The web context URL is the public URL for the portal. Since any item in portal has a URL - file, layer, map, and app, the portal's WebContextURL property helps it construct the correct URLs on all resources it sends to the end user.

External Access and DNS

ArcGIS Enterprise portal supports only one DNS for public portal URL (the web context URL), and currently there is no supported way to change the web context URL without redoing administrative tasks, e.g. federating server sites with your portal. If your ArcGIS Enterprise requires external access, e.g. to allow access to mobile users, contractors, partners, or agencies, without VPN, or if you anticipate that you will need to allow external access in the future, you must use an externally resolvable DNS name for the portal’s web context URL, e.g. https://gis.company.com/portal.

To secure external access to ArcGIS Enterprise, it is common to host a load balancer in a DMZ, and implement a Split Domain Name System (Split DNS), i.e. internal access to ArcGIS Enterprise DNS (e.g. gis.company.com) will be resolved to an internal load balancer IP, so internal users will stay behind the firewall, and external access to ArcGIS Enterprise DNS will be resolved to an external (DMZ) load balancer IP.

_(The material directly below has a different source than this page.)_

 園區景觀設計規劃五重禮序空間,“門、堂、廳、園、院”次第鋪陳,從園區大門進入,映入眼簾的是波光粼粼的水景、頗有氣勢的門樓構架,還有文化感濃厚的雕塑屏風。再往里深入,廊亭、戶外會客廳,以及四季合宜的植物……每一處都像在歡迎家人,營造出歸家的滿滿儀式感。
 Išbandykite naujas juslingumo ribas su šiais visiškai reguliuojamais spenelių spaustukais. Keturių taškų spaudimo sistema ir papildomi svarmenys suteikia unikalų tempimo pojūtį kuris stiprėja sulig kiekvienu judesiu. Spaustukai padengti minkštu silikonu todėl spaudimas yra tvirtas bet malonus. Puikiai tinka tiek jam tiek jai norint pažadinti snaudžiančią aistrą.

Load balancing configuration with external access

URLs used in federation

Several different URLs are used in a highly available ArcGIS Enterprise deployment.

Services URL

This is the URL used by users and client applications to access ArcGIS Server sites. It’s the URL for the load balancer that handles ArcGIS Server traffic and passes requests either to the server site’s Web Adaptor or directly to the server machines.

Administrative URL

This URL is used by administrators, and internally by the portal, to access an ArcGIS Server site when performing administrative operations. This URL is also used for publishing GIS services with reference to a registered data store, e.g. SQL Server enterprise geodatabase, to a federated server site. This must direct to a load balancer; if the administrative URL points to a single machine in the server site and that machine is offline, federation will not work. This can be the same URL as the services URL or can be a second load balancer (VIP) for each federated server site admin URL via port 6443. Configuring a dedicated VIP for each federated server site admin URL via port 6443 will require to open this port for administrators and publishers, and you can disable administrative access through the web adaptor, thus providing additional security controls for the organization.

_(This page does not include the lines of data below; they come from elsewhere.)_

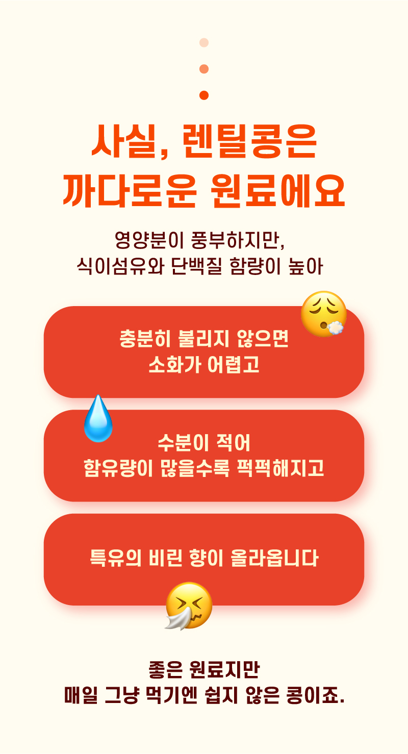 영양성분은 놀라울 만큼 탄탄했지만 문제는‘맛’이었습니다. 퍼석한 식감, 조리의 번거로움…. 매일 먹기엔 부담스러웠습니다.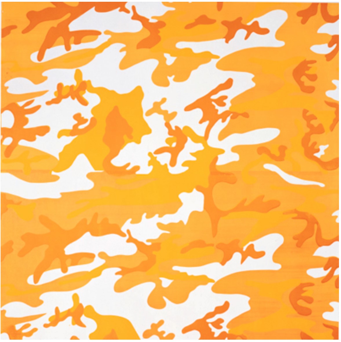 Camouflage from 1987 stands as a seminal example of Andy Warhol’s final forays into abstraction. Executed in the twilight of his career, shortly before his untimely death – and after a decade dominated by celebrity portraiture (1978–1987) – the present work embodies a series of audacious experiments in reconfiguring the utilitarian motif of military camouflage into an exuberant declaration of aesthetic ingenuity. Employing a four-color pattern derived from a swatch of camouflage netting procured at an Army and Navy store on Fifth Avenue, Warhol elevates a design originally intended for concealment and survival into a bold emblem of contemporary culture. Presenting an ostensibly endless expanse of yellow and orange, the composition evokes both the brilliance of military insignia and the playful optimism that characterizes Warhol’s later oeuvre. Meticulous layering of paint and ink, combined with deliberate variances in the repetition of the pattern, produces a dynamic surface in which uniformity is subverted by the interplay of chance and process, thereby underscoring the intrinsic tension between control and spontaneity inherent in Warhol’s signature silkscreen medium. Acting as an enigmatic and unifying ground, Warhol’s Camouflage appears in other significant paintings including the iconic self-portraits from the same year, versions of which reside in the Metropolitan Museum of Art New York and the Philadelphia Museum of Art.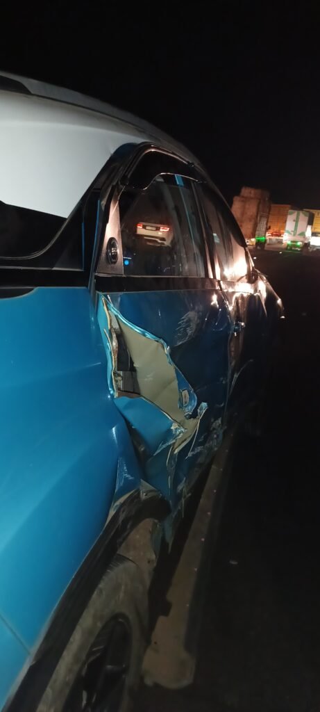 प्रत्यक्षदर्शी के अनुसार, ट्रक ने बिना पर्याप्त जगह और संकेत दिए अचानक कट मार दिया। इससे मेरी कार ट्रक के बॉडी हिस्से में बुरी तरह फंस गई। टक्कर इतनी तेज थी कि कार का पूरा साइड हिस्सा बुरी तरह क्षतिग्रस्त हो गया। दरवाजे अंदर की ओर दब गए, शीशे टूट गए और वाहन का संतुलन बिगड़ गया। कुछ क्षणों के लिए ऐसा लगा मानो सब कुछ थम गया हो।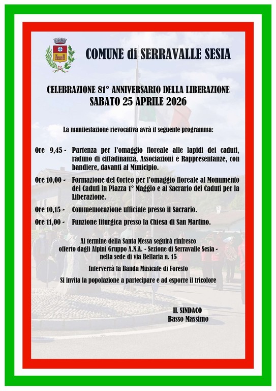 A Serravalle Sesia il 25 Aprile 2026 sarà celebrato con una mattinata dedicata alla memoria della Liberazione, tra omaggi floreali, corteo cittadino, commemorazione ufficiale e momento religioso. Il programma è stato diffuso dal Comune di Serravalle Sesia in occasione dell’81° anniversario della Liberazione.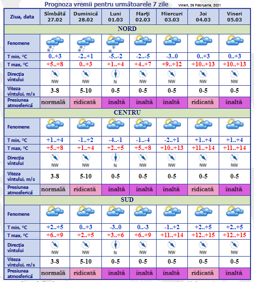 Temperatura maximă a aerului, ziua, pe 27 februarie, va oscila între 5-9 grade de căldură, iar în următoarele zile – între 0 – 6 grade Celsius cu plus.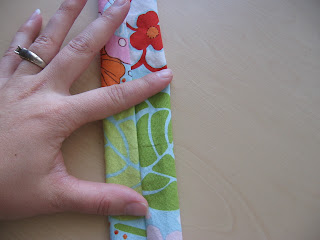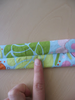 lets work on the straps shall we? ok ... take your shorter strap ( 12 inch) and press in half with right sides together. sew 1/4 inch away from raw edge. turn tube right side out. maneuver the seam so it's going down the middle as depicted in the photo below. press ,then top stitch both long edges.

I recommend using the same URL as the services URL since it simplifies configuration. ArcGIS Server administrative access will be controlled by ArcGIS Enterprise authentication and user roles, similarly to administrative access to portal, e.g. ArcGIS Portal Directory (portaladmin) and Organization Settings. To use web adaptor URL for administrative URL, you must enable administrative access in the server web adaptor.

Private portal URL

This is an internal URL used by your server sites to communicate with the portal. This must also direct to a load balancer and should be defined prior to federating. If you federate your server sites prior to setting the privatePortalURL, follow step 8 and 9 in the topic Configure an existing deployment for high availability to update the URL within your deployment. Similar to the administrative URL, this can be the same as the public URL for the portal (portal’s web context URL), or it can be a second load balancer (VIP) via port 7443.

For configuration simplicity, I would recommend using the public URL for the portal for the private portal URL. If you choose to use a dedicated load balancer VIP via port 7443 for private portal URL, you should configure the load balancer to check the health of the portal machines.

Load Balancer Configuration

Health Check Settings 

The most important capability to use is a Health Check. As described in portal’s health check documentation:

 

“The health check reports if the responding Portal for ArcGIS machine is able to receive and process requests. For example, before creating the portal, the health check URL reports the site is unavailable because it can't take requests at that time.”

 

ArcGIS Enterprise portal and server have health checks.

When you use ArcGIS Web Adaptors, the web adaptors will take care of performing the health checks against the portal and the servers. In this case you can configure the load balancer with basic TCP/443 health check or a static page health check, with standard health check settings for timeout, failure trigger, polling interval, and healthy threshold.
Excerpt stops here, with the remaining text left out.